Quatre missions de consultations ont été conduites par l’ONG AGBO-ZEGUE en vue de renforcer les capacités des populations locales et des Comités Villageois de Gestion en matière de protection des lamantins d’Afrique de l’Ouest dans les villages riverains des écosystèmes du Lac Togo et du fleuve Mono.
Ces missions financées entièrement par le Groupe HeidelBergCement au Togo via SCANTOGO ont permis d’identifier les acteurs facilitateurs (écogardes) pour le suivi écologique des populations de lamantins d’Afrique (Trichechus senegalensis) dans le Lac Togo et le fleuve Mono.
Togo : le lamantin, une espèce aquatique protégée par la CAAC
Des réunions de sensibilisation et d’éveil de conscience des populations riveraines de ces écosystèmes ont été organisées. Ces missions consultatives ont permis d’identifier 04 écogardes (02 du Lac Togo et 2 le long du Mono) qui pourront aider dans la conduite des activités de suivi.
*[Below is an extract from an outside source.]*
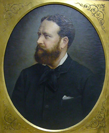 Theodor Eimer (Professorengalerie Universität Tübingen)
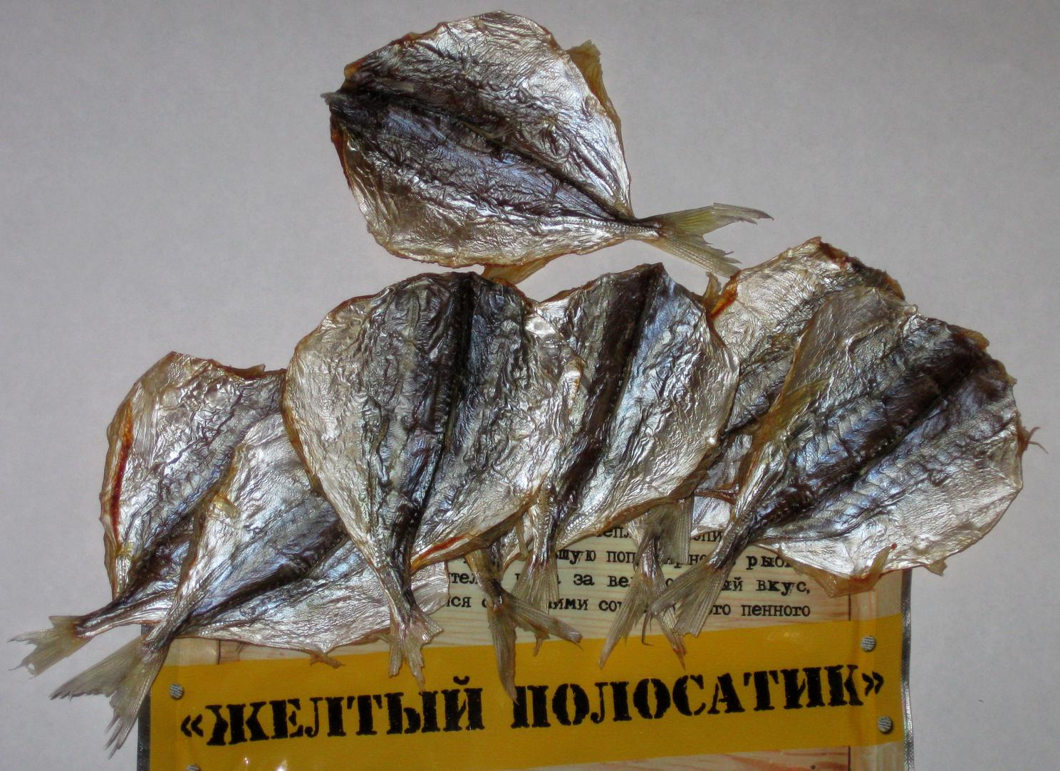 Yellowstripe scad

Un protocole de suivi écologique mis en place
Dans le cadre de ce sous-projet de « Suivi des lamantins d’Afrique (Trichechus senegalensis) dans le Lac Togo et dans le fleuve Mono », l’ONG AGBO-ZEGUE a mis en place un protocole de suivi.
Ce dernier a consisté à visiter le Lac Togo et le long du fleuve Mono, surtout les zones de présence de l’animal deux (02) fois dans le mois pour faire des observations (de l’animal ou de ses indices de présence), et discuter avec les communautés de pêcheurs pour connaître les menaces qui pèsent sur l’animal (les captures et la destruction des habitats).
La perception des populations locales sur l’abondance relative des lamantins dans les différents écosystèmes a été notée.
Sur le terrain l’équipe de suivi est composée de 05 personnes, notamment 03 membres de l’ONG AGBO-ZEGUE et 02 éco gardes qui renseignent la fiche de collecte des données de toutes les informations relatives à la présence des lamantins dans des sites échantillonnés.
Les informations prises en compte dans le cadre de suivi écologique sont : les observations directes, les indices d’alimentation, les crottes et les captures accidentelles par les pêcheurs, etc.
Aussi, des discussions avec les communautés de pêcheurs sont faites à chaque fois que l’équipe de suivi est sur le terrain.
Ces discussions permettent d’avoir des informations récentes sur la présence, les menaces (les captures et la destruction des habitats) et la perception des populations riveraines sur l’abondance relative des lamantins dans le Lac Togo et dans le Mono.
A en croire les explications de M. Atsri HONAM, le financement de SCANTOGO a contribué à protéger les lamantins au niveau du lac Togo : le Haho et le Zio. C’est à ces niveaux des eaux douces qu’on a les lamantins.
« Avec l’ONG AGBOZEGUE nous avons mis en place un système de suivi pour vérifier la présence des lamantins parce que c’est une espèce très menacée. Avec ce système et la collaboration des communautés nous avons pu se rendre compte que les lamantins survivent encore au Togo. »
Et de poursuivre « On a pu sauver au moins trois qui étaient en train d’être capturés. Nous avons eu signe de vie de trois groupes de lamantins dans certaines zones comme dans Ziomé, Soussoumé jonction lac et zio. Au niveau de la jonction avec le haho. Ce sont des zones de préférence de ces espèces. On peut donc mener des actions concrètes dans ces zones. »
Les 03 mois de suivi des lamantins d’Afrique dans le Lac Togo et dans le Mono ont permis de relever une observation directe de 02 individus et 14 indices d’alimentation dans l’ensemble dans les deux zones identifiées.
Toutefois il a été remarqué la nécessité d’explorer aussi la jonction du fleuve Haho avec le Lac Togo où se trouvent aussi les lamantins. Ce qui nécessite des moyens supplémentaires. Environ 50 millions de FCFA.
Il faut noter que l’espèce est très menacée au niveau du chenal de Gbaga au niveau du Mono au Sud du Togo.